A number of wildlife conservationists and respected ecotourism operators believe that tourism helps to protect the world’s largest cat, Panthera tigris. Many conservationists believe that the presence of tourists helps keep poachers away. Some proactive tour operators such as Wildand Adventures put some of their profits towards conservation and social programs. Sanjay Gubbi, Tiger Program Coordinator for the well-respected conservation organization Panthera has said that, “India’s wildlife tourism industry benefits communities by stimulating local economies and providing employment.” Another benefit of tiger tourism is helping to inspire travelers to support conservation efforts (though much more can be done in this area).
Ajay Dubey, a conservationist who works with the organization Prayatna, thinks that tiger tourism as currently practiced in India has been a threat to the big cats. Panthera’s Mr. Gubbi notes that many tourism operations practice “unethical safari practices.” In some tiger reserves, lodges have been built in key habitats, and the cats are stressed by large numbers of jeeps crowding them. Mr. Dubey recently took the Indian government to court to spur improvements in how tiger tourism is managed in the country. This lawsuit has divided many people on both sides of the argument, whether the final ruling, which came out in October, will improve the situation.
One point that everyone on both sides of the argument agrees to is that these animals face a serious situation. Most estimates are that fewer than 4,000 tigers remain in the wild across Asia, with about 1,700 surviving in India. Those numbers mean a more than 90 percent drop over the past century and are why they are currently listed as endangered by the IUCN’s Red List. The main reason for this drop however, is not tourism but poaching. These cats’ skins and body parts can bring thousands of dollars on the black market.
I have spent most of the past decade working on improving how tourism benefits the efforts to protect endangered sea turtles. While these two animals and their conservation methods are very different, many of the same principles apply. For tourism to work, it must be done in a way that minimizes damage to key habitat, prevents unnecessary stress on the animals and generates concrete benefits to both conservation programs and nearby communities.

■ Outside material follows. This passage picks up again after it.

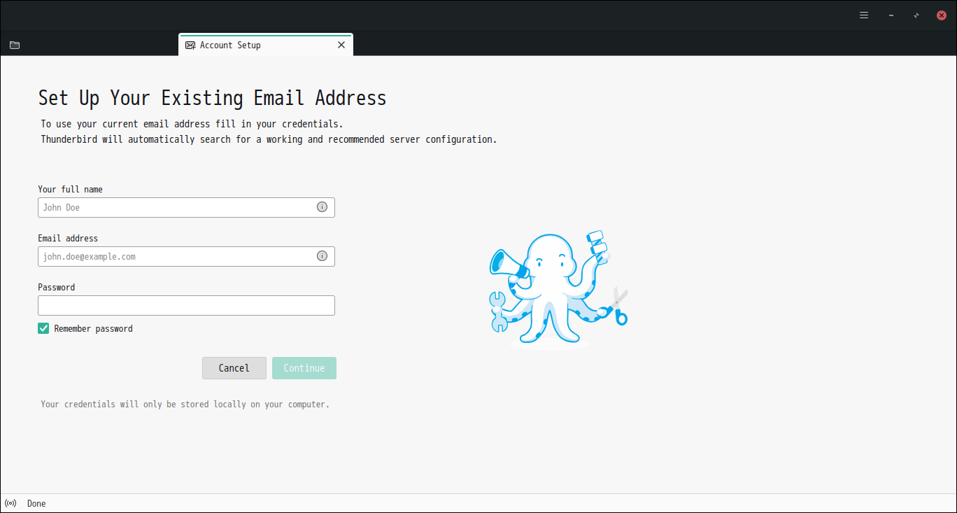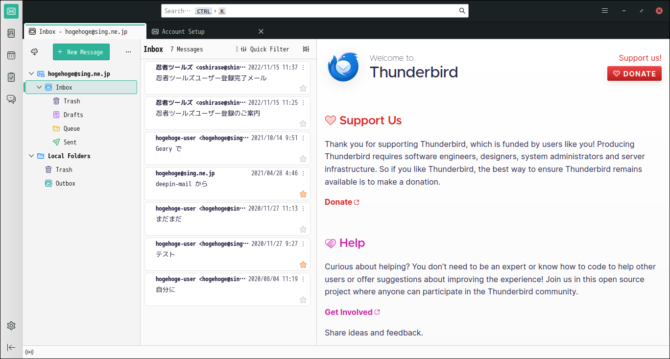 「Manjaro 24.2 XFCE」-「Thunderbird」「メールアカウント設定」

The recent ruling by the Indian Supreme Court on Prayatna’s lawsuit has the potential to improve how tourism is managed in the country. Unfortunately, people on both sides of the argument were disappointed in the lack of strong regulations to protect tigers in the decision. Julian Matthews of Travel Operators for Tigers stated that, “Sadly there is nothing in these guidelines that gives anyone… a legal ‘road map’ as to how they (the forests) can be restored.” The primary responsibility for ending the construction of infrastructure is now in the hands of the state governments, which have been given six months to develop new tourism and conservation guidelines.
Tour operators have a strong responsibility to advocate not only for regulations that will allow their businesses to grow but also to make compromises that keep the best interests of the tigers in mind. If real changes aren’t made to both improve tourism management and reduce poaching, tourism businesses and local communities will suffer alongside these charismatic animals.